(Collection entries)
----------------------------------------
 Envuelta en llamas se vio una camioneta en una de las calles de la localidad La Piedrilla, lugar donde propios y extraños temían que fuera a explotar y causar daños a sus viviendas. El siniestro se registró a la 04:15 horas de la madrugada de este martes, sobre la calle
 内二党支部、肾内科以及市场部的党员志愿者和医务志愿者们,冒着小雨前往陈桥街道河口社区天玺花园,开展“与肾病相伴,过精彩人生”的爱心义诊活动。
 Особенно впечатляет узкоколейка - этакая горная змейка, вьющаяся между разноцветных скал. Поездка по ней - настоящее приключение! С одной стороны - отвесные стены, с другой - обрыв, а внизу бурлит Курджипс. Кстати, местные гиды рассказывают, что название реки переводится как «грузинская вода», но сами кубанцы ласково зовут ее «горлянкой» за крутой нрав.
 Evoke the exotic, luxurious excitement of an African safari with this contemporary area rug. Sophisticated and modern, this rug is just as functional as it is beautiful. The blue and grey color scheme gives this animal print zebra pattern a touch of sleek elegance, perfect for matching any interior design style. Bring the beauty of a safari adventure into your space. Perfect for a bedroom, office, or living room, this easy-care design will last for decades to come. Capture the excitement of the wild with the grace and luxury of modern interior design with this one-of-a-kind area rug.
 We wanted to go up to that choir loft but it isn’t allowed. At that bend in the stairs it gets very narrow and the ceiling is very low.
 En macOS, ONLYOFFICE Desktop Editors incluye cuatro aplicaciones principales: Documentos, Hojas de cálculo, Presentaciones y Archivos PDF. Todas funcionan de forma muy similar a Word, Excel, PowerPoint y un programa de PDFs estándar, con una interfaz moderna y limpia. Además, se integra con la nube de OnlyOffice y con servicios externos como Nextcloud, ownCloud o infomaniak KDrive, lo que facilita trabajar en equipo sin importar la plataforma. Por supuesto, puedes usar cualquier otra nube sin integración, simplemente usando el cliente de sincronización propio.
----------------------------------------
- **Work to be completed**
Taking the records from the top, repeat each line exactly until you have repeated the line that contains "内二党支部、肾内科以及市场部".

- **Written response**
 Envuelta en llamas se vio una camioneta en una de las calles de la localidad La Piedrilla, lugar donde propios y extraños temían que fuera a explotar y causar daños a sus viviendas. El siniestro se registró a la 04:15 horas de la madrugada de este martes, sobre la calle
 内二党支部、肾内科以及市场部的党员志愿者和医务志愿者们,冒着小雨前往陈桥街道河口社区天玺花园,开展“与肾病相伴,过精彩人生”的爱心义诊活动。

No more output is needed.